Evaluate $\displaystyle \int\int \vec{F}.ds$ where $\vec{F}= -x\hat{i} + 2y\hat{j} -z\hat{k}$ and $S$ is the portion of the $y = 3x^2 + 3z^2$ that lies behind $y =6$ oriented positive $y -axis$ direction.
Now, Using Stoke's theorem this surface integral is equivalent to
$\displaystyle \int F.dr$ where $C$ is the portion of the curve $x^2 + z^2 = 2$, forming an outer boundary to the surface.
So, in the Line Integral $dy= 0$, and taking $x = \sqrt{2}\cos\theta$ ,$y = \sqrt{2}\sin\theta$,
I get my integral as :
$\displaystyle \int (-2 \cos\theta\sin \theta + 2\sin\theta\cos \theta)d \theta$, giving me the answer $0$.
However the answer given is $24 \pi$
I cannot understand where am I wrong in my solution ?

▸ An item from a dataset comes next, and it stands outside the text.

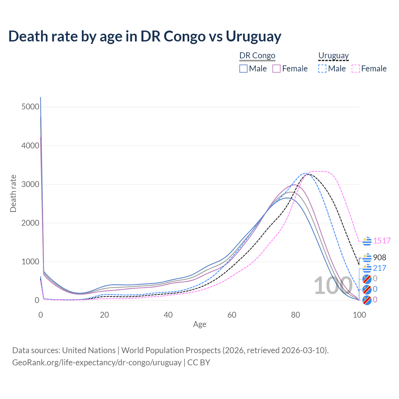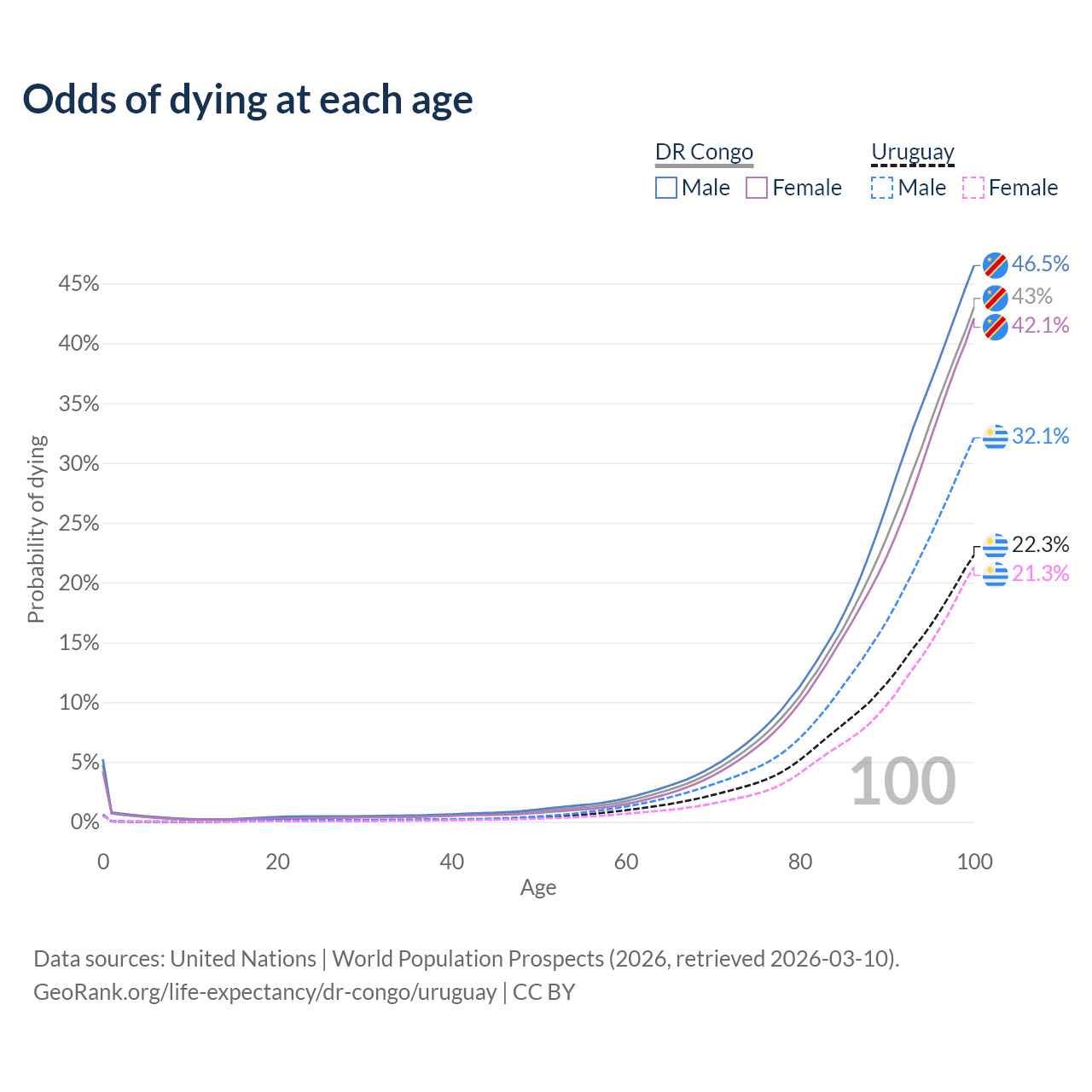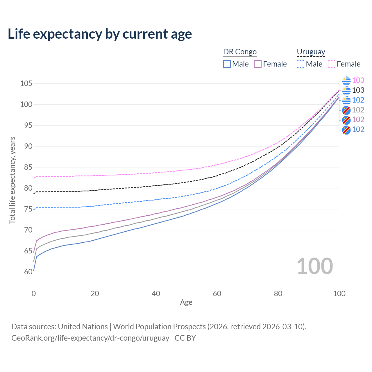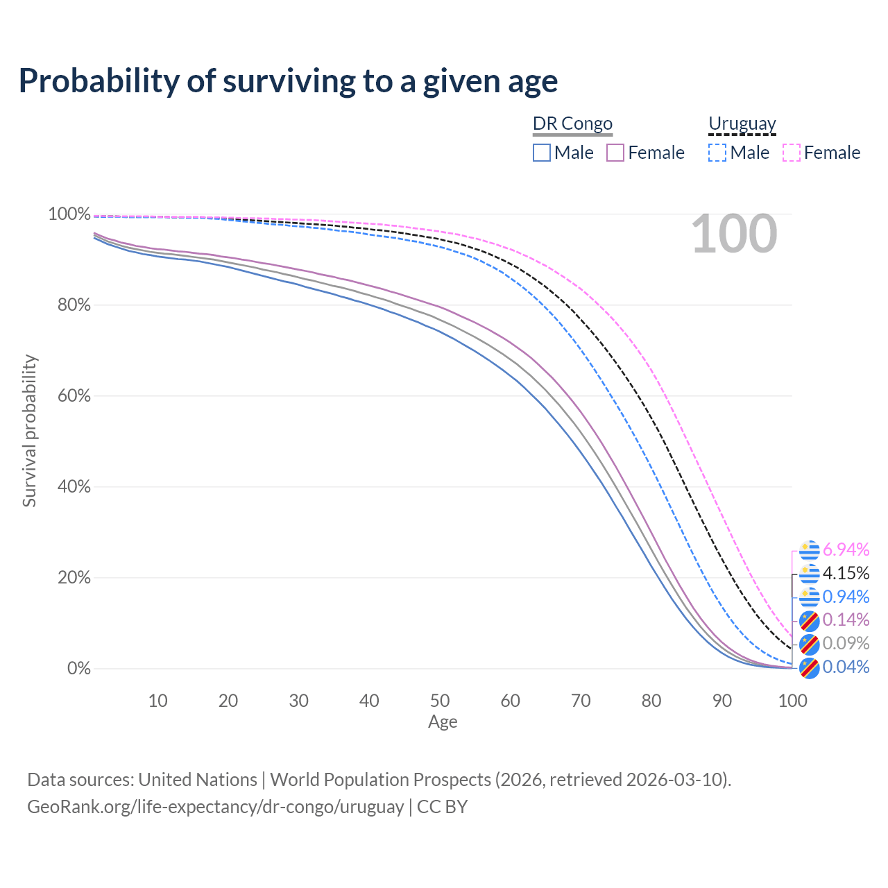 This life expectancy calculator shows the odds of living to 100, 95, 90, and below based on current age for both males and females in the DR Congo and Uruguay, along with mean and median age of death. The calculations are based on the 2026 life tables (actuarial tables) from the UN World Population Prospects.

Can anyone please help me here ?
By Stokes theorem you may evaluate the flux through the disc $x^2+z^2\leq 2$ in the plane $y=6$. Such disc $D$ has the same outer boundary as the given surface $S$, but the flux is much simpler to compute. Thus we find $$\iint_D (-x,2y,z)\cdot (0,1,0)dS=\iint_D 2ydS=2\cdot 6\cdot |D|=12\cdot\sqrt{2}^2\pi=24\pi.$$
P.S. According to your approach, in the line integral you should use a vector field $G$ such that $\nabla\times G=F$.